I process HTML in Python with the help of the lxml library. I am trying to parse this website, my objective is to parse out all the games that happened in the regular season(not the ones in play-off or pres-eason). The problem that I have encountered:
I select all elements that have the class nob-border, which I can do.

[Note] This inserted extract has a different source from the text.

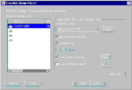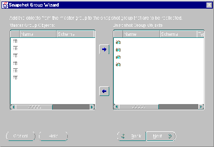 Figure 5-4 Snapshot Group Wizard Converts Tables to Snapshots

subpage.cssselect(".nob-border")
The library lxml has this function cssselect which allows to select HTML elements with CSS selectors. What I would like to do next, is select every element until the next tr element that has the class nob-border. The HTML looks like this:
<tr class="center nob-border">
<tr class="table-dummyrow">
<tr class="odd deactivate" xeid="IqLK6ZNT">
<tr class=" deactivate" xeid="l0Xo8yvB">
<tr class="odd deactivate" xeid="QLnrBc9b">
<tr class=" deactivate" xeid="8pxmAHO4">
<tr class="odd deactivate" xeid="nVmvCwfh">
<tr class=" deactivate" xeid="v1lEBJvn">
<tr class="center nob-border">
There are rows with the class nob-border and a bunch of rows between those rows. I need to select those in between. More than that I don't want to just select all the rows in between, I want to select for every row with the nob-border class the ones that are below that row and above the next one with the class nob-border. I hope was I clear enough, if not do not hesitate on asking questions.